REQUIREMENT
Beginning at the line that contains "Waren beim EM-Gewinnspiel", reproduce the entries below exactly, ending with the line that contains "Sinusoidal waves of". Omit each picture.
(RECORD EXCERPTS)
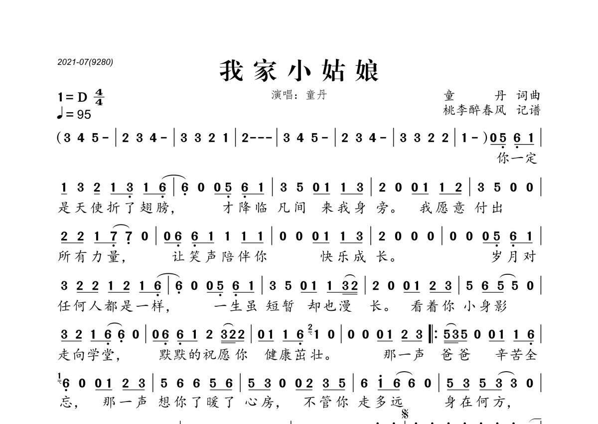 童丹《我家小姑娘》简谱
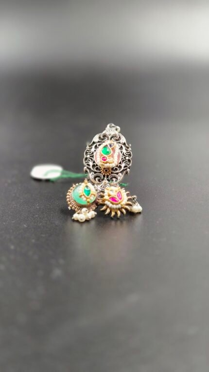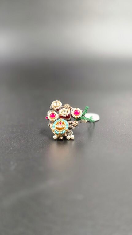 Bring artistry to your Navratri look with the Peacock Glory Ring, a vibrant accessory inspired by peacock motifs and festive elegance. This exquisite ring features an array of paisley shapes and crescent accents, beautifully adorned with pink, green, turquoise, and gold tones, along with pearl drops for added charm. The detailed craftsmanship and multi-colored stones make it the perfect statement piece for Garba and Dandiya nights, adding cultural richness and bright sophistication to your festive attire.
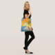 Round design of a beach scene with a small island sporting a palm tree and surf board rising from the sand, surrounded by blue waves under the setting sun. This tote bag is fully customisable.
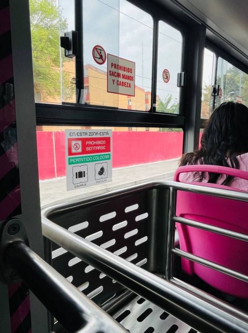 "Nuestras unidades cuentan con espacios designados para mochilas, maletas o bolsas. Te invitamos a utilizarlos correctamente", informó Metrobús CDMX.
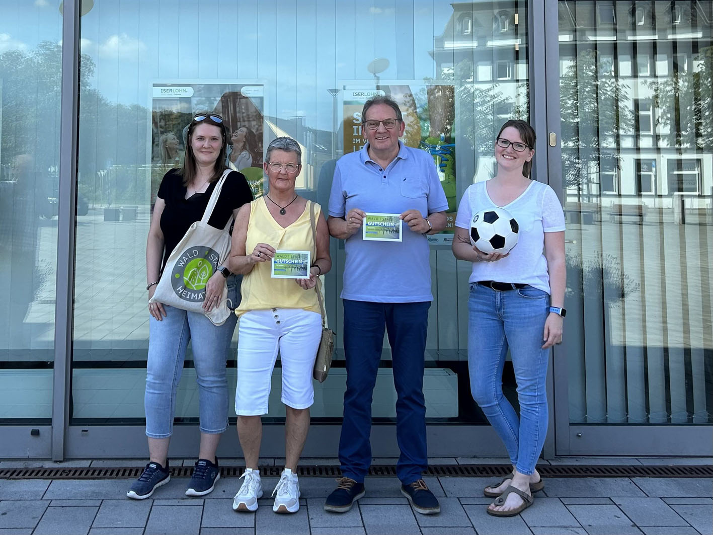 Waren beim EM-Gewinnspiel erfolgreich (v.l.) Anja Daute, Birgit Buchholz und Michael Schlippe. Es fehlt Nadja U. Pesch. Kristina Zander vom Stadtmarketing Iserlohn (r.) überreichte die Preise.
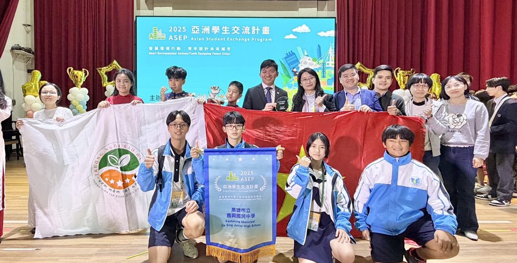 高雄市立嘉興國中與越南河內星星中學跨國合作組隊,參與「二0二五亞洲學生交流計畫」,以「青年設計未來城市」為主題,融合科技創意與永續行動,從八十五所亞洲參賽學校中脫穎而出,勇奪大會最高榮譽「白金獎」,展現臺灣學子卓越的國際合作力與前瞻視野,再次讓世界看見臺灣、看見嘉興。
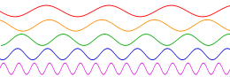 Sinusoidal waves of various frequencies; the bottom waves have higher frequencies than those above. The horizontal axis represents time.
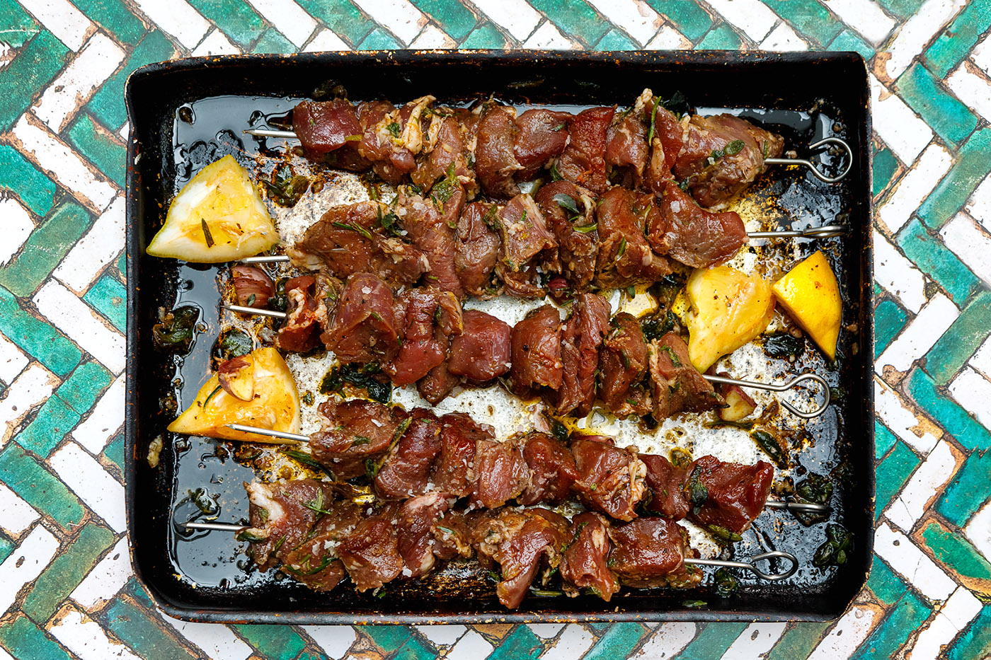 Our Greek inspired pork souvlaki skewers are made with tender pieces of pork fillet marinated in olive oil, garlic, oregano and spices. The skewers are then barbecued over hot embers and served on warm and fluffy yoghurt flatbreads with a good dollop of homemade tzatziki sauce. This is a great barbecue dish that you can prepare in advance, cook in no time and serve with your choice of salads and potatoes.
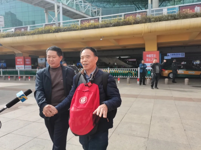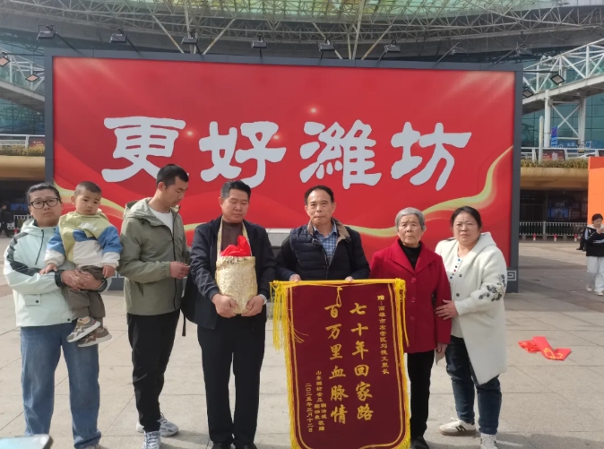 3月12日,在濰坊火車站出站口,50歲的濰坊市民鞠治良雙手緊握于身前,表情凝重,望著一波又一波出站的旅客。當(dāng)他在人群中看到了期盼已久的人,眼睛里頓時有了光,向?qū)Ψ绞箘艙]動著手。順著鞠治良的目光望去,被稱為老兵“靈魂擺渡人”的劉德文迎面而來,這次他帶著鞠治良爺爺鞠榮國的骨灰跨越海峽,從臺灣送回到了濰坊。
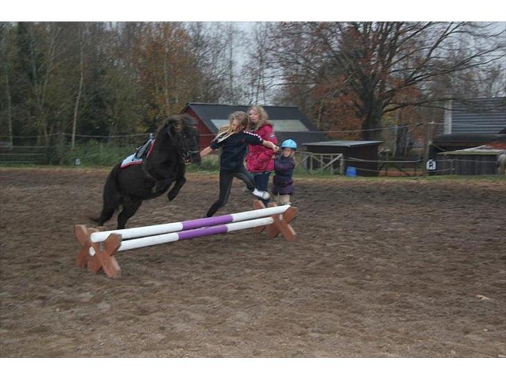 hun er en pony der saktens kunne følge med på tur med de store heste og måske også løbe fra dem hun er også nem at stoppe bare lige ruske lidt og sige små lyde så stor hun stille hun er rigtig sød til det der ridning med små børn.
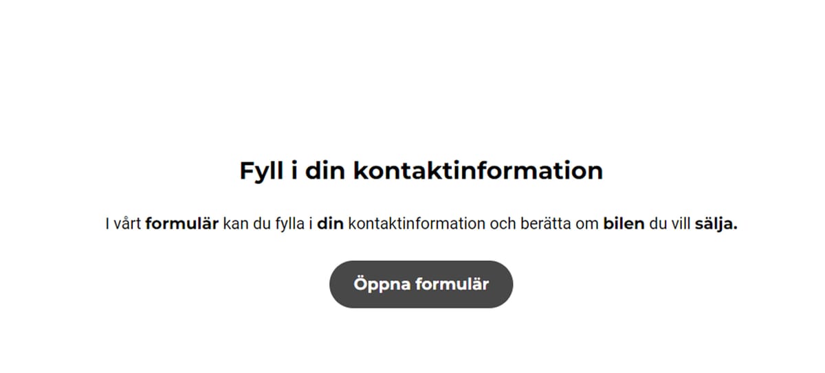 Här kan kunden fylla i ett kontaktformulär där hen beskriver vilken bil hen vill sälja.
(End RECORD EXCERPTS)
(RECORD EXCERPTS)
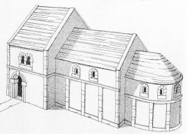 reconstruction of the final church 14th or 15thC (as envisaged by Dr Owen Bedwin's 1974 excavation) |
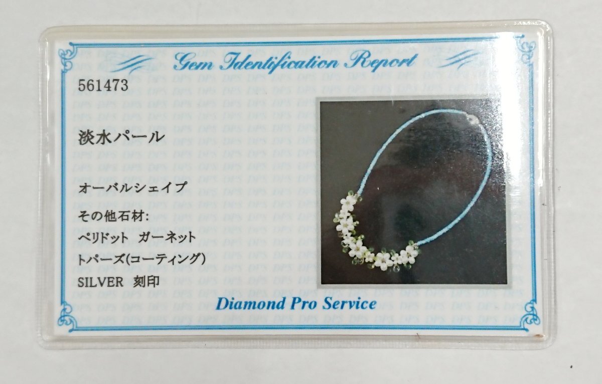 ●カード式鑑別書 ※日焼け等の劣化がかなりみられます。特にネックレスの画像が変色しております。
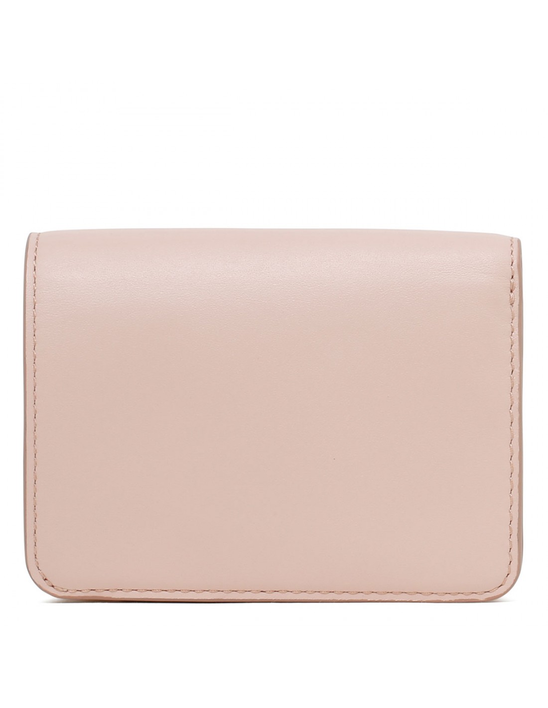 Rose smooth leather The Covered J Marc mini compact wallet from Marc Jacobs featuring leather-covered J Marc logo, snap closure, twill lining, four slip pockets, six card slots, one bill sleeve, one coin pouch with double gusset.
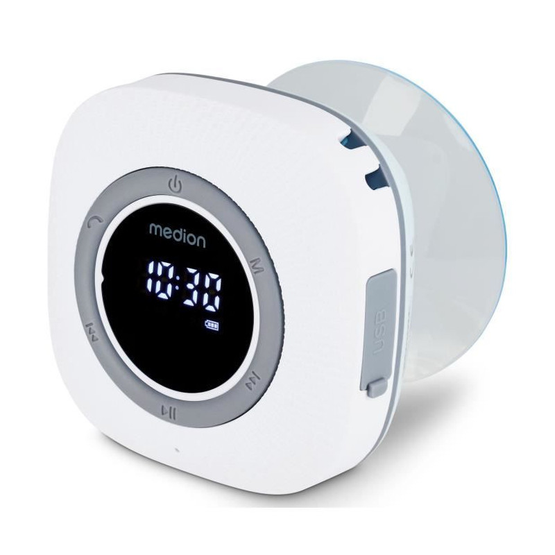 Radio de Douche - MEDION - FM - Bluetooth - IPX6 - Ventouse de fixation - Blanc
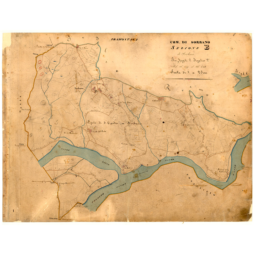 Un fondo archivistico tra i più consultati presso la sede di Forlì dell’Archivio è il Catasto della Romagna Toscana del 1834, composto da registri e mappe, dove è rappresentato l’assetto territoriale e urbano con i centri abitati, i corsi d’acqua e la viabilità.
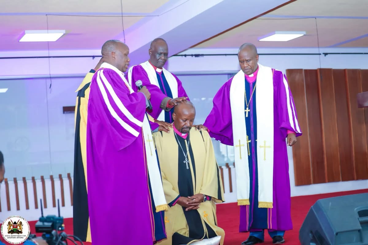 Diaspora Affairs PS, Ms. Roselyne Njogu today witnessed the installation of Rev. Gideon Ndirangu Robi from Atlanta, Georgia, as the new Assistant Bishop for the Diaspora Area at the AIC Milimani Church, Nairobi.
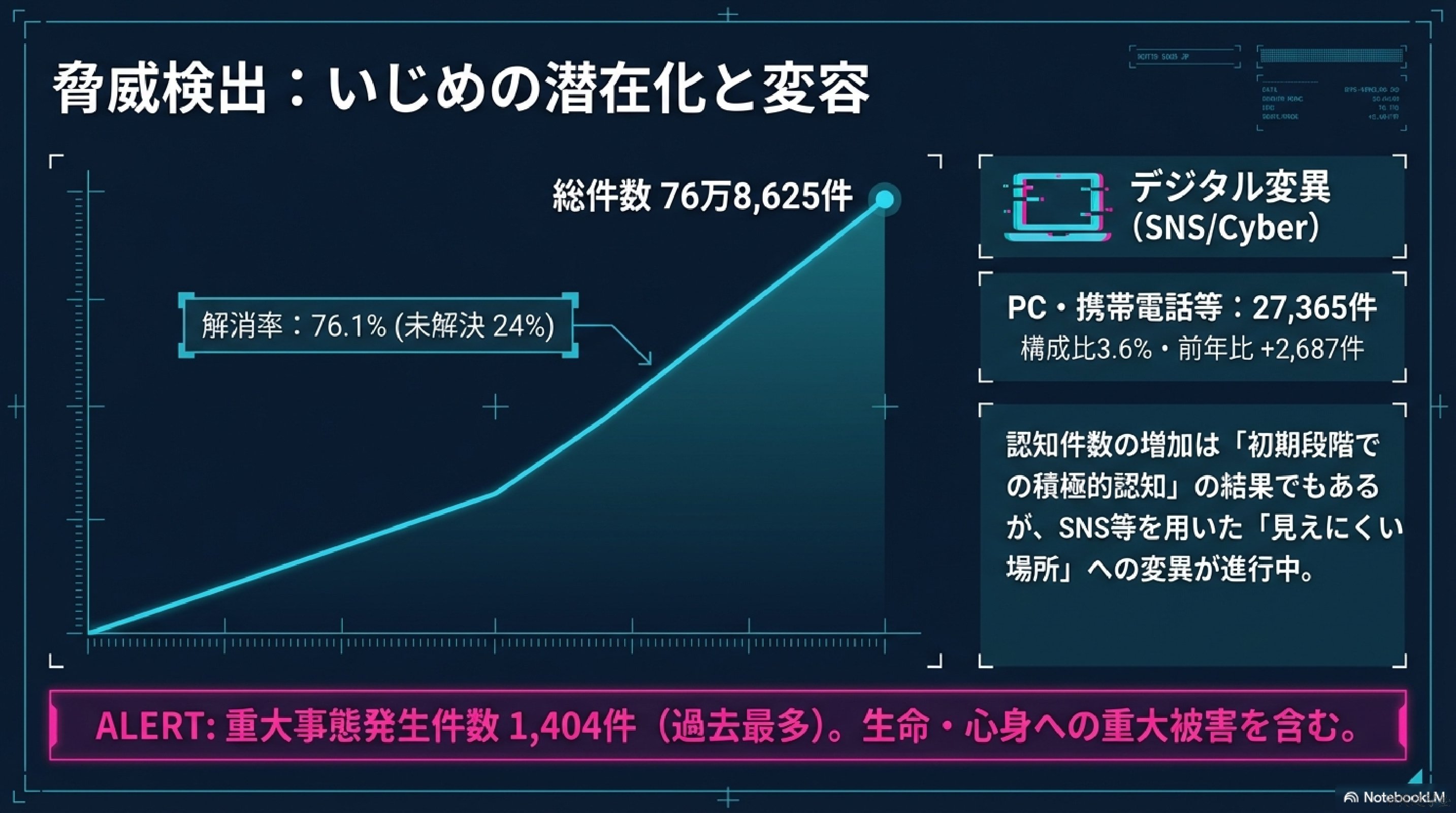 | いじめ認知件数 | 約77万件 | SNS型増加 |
(End RECORD EXCERPTS)
(RECORD EXCERPTS)
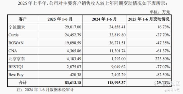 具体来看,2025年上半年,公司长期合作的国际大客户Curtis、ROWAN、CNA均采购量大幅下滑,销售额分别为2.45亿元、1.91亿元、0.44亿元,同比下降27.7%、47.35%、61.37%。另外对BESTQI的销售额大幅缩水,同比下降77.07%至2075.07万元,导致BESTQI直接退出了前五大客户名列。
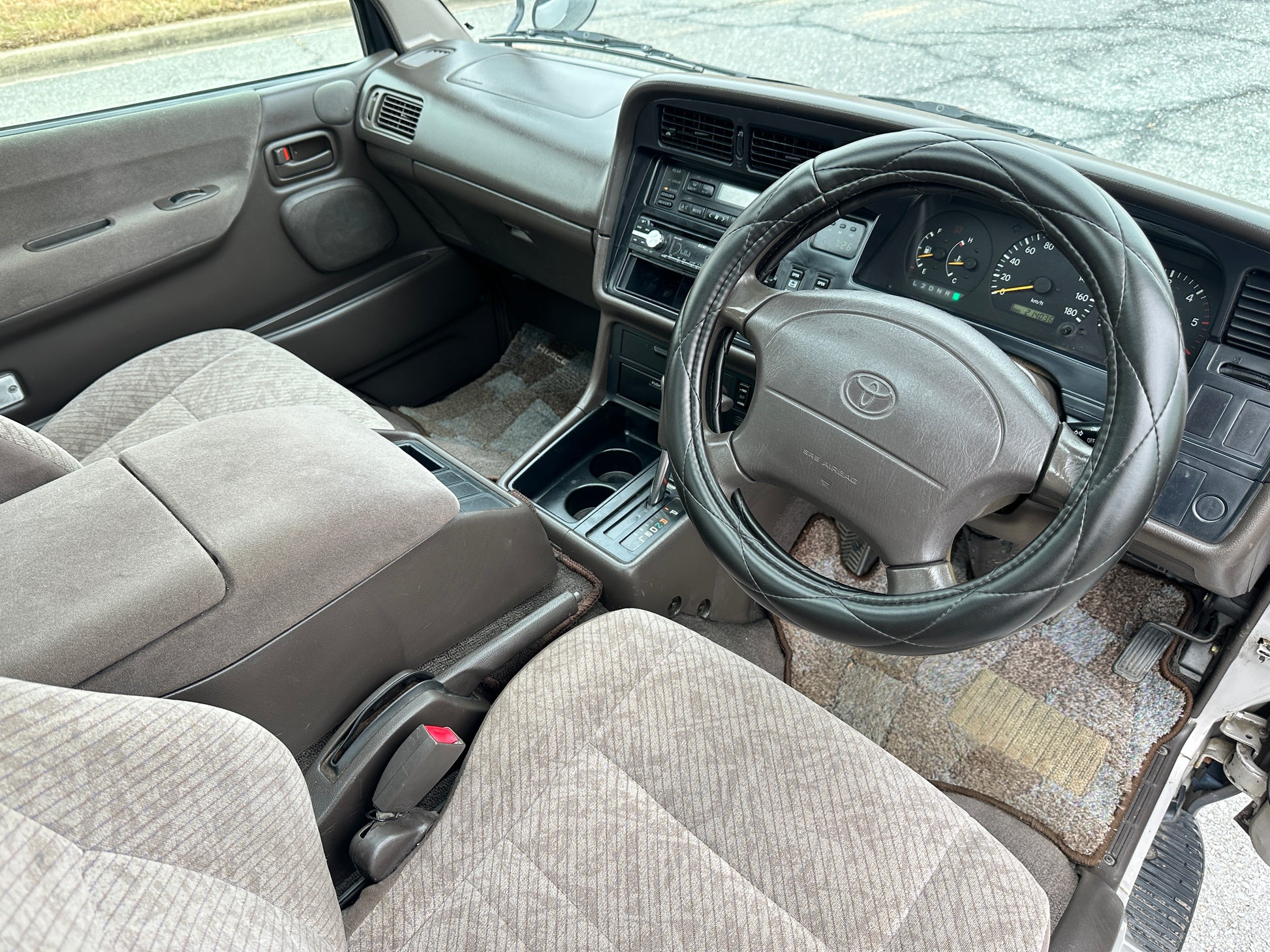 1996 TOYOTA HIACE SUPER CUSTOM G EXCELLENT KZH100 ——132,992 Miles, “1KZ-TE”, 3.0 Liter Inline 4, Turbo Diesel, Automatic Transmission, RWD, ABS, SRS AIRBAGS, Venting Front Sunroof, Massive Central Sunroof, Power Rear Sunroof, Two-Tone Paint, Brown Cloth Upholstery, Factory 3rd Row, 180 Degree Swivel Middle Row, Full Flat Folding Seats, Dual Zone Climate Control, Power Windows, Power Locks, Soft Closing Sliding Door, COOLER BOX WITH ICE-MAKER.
(End RECORD EXCERPTS)
RESULT BELOW
 Waren beim EM-Gewinnspiel erfolgreich (v.l.) Anja Daute, Birgit Buchholz und Michael Schlippe. Es fehlt Nadja U. Pesch. Kristina Zander vom Stadtmarketing Iserlohn (r.) überreichte die Preise.
 高雄市立嘉興國中與越南河內星星中學跨國合作組隊,參與「二0二五亞洲學生交流計畫」,以「青年設計未來城市」為主題,融合科技創意與永續行動,從八十五所亞洲參賽學校中脫穎而出,勇奪大會最高榮譽「白金獎」,展現臺灣學子卓越的國際合作力與前瞻視野,再次讓世界看見臺灣、看見嘉興。
 Sinusoidal waves of various frequencies; the bottom waves have higher frequencies than those above. The horizontal axis represents time.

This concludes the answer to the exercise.